Work instruction –
Return each entry below exactly. Skip the images.
------ Given data ------
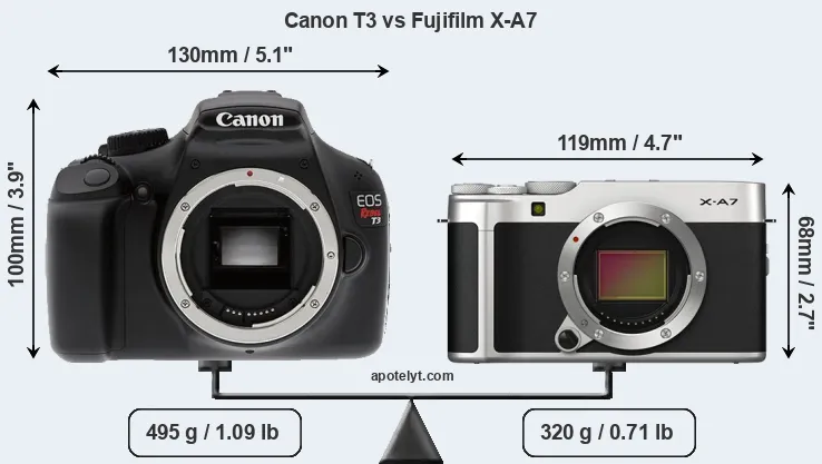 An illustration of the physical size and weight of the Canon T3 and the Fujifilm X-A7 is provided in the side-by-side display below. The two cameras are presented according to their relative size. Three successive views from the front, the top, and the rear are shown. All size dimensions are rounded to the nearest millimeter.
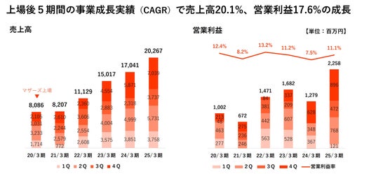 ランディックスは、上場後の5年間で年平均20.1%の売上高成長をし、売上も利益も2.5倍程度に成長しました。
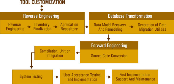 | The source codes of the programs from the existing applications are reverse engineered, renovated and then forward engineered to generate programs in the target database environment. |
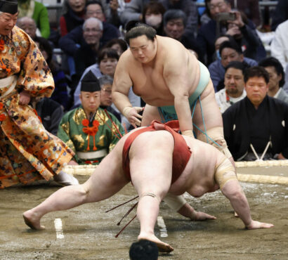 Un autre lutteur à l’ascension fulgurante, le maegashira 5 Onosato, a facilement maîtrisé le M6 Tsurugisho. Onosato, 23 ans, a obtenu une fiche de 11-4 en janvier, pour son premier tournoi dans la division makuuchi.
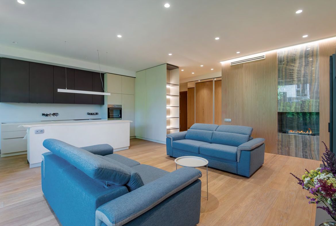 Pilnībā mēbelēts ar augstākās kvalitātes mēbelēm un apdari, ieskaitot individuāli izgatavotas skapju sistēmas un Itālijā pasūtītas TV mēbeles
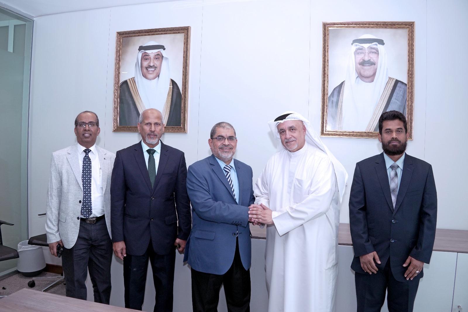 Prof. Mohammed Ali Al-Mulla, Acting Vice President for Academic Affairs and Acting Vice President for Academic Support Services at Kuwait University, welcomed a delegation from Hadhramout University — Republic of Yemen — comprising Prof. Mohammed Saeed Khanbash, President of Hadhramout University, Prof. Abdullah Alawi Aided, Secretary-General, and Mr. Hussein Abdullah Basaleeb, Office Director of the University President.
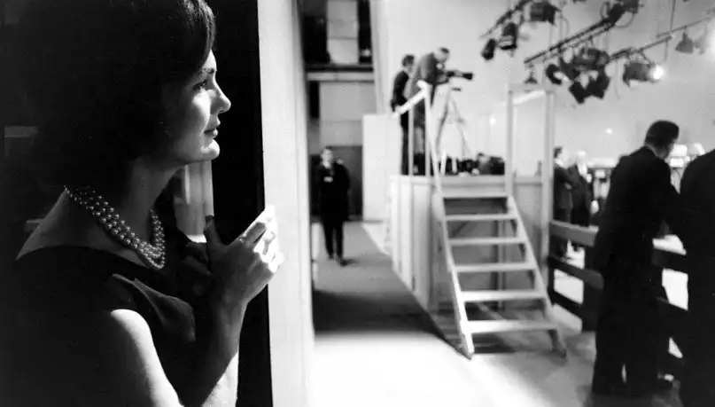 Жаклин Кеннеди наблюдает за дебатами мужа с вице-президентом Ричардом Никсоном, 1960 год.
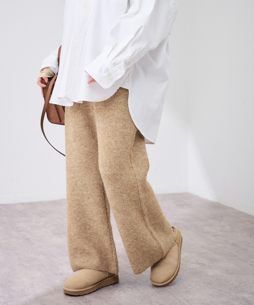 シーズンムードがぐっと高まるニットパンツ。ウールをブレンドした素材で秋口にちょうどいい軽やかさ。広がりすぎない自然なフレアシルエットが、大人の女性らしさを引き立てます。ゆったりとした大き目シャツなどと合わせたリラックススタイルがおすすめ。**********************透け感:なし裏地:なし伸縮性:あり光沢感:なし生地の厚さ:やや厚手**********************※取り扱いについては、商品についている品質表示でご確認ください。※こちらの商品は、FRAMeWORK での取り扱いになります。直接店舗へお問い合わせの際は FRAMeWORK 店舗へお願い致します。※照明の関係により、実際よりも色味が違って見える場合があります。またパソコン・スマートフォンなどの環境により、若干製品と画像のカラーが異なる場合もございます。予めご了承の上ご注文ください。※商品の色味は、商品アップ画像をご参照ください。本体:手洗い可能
------
Answer to the exercise –
 An illustration of the physical size and weight of the Canon T3 and the Fujifilm X-A7 is provided in the side-by-side display below. The two cameras are presented according to their relative size. Three successive views from the front, the top, and the rear are shown. All size dimensions are rounded to the nearest millimeter.
 ランディックスは、上場後の5年間で年平均20.1%の売上高成長をし、売上も利益も2.5倍程度に成長しました。
 | The source codes of the programs from the existing applications are reverse engineered, renovated and then forward engineered to generate programs in the target database environment. |
 Un autre lutteur à l’ascension fulgurante, le maegashira 5 Onosato, a facilement maîtrisé le M6 Tsurugisho. Onosato, 23 ans, a obtenu une fiche de 11-4 en janvier, pour son premier tournoi dans la division makuuchi.
 Pilnībā mēbelēts ar augstākās kvalitātes mēbelēm un apdari, ieskaitot individuāli izgatavotas skapju sistēmas un Itālijā pasūtītas TV mēbeles
 Prof. Mohammed Ali Al-Mulla, Acting Vice President for Academic Affairs and Acting Vice President for Academic Support Services at Kuwait University, welcomed a delegation from Hadhramout University — Republic of Yemen — comprising Prof. Mohammed Saeed Khanbash, President of Hadhramout University, Prof. Abdullah Alawi Aided, Secretary-General, and Mr. Hussein Abdullah Basaleeb, Office Director of the University President.
 Жаклин Кеннеди наблюдает за дебатами мужа с вице-президентом Ричардом Никсоном, 1960 год.
 シーズンムードがぐっと高まるニットパンツ。ウールをブレンドした素材で秋口にちょうどいい軽やかさ。広がりすぎない自然なフレアシルエットが、大人の女性らしさを引き立てます。ゆったりとした大き目シャツなどと合わせたリラックススタイルがおすすめ。**********************透け感:なし裏地:なし伸縮性:あり光沢感:なし生地の厚さ:やや厚手**********************※取り扱いについては、商品についている品質表示でご確認ください。※こちらの商品は、FRAMeWORK での取り扱いになります。直接店舗へお問い合わせの際は FRAMeWORK 店舗へお願い致します。※照明の関係により、実際よりも色味が違って見える場合があります。またパソコン・スマートフォンなどの環境により、若干製品と画像のカラーが異なる場合もございます。予めご了承の上ご注文ください。※商品の色味は、商品アップ画像をご参照ください。本体:手洗い可能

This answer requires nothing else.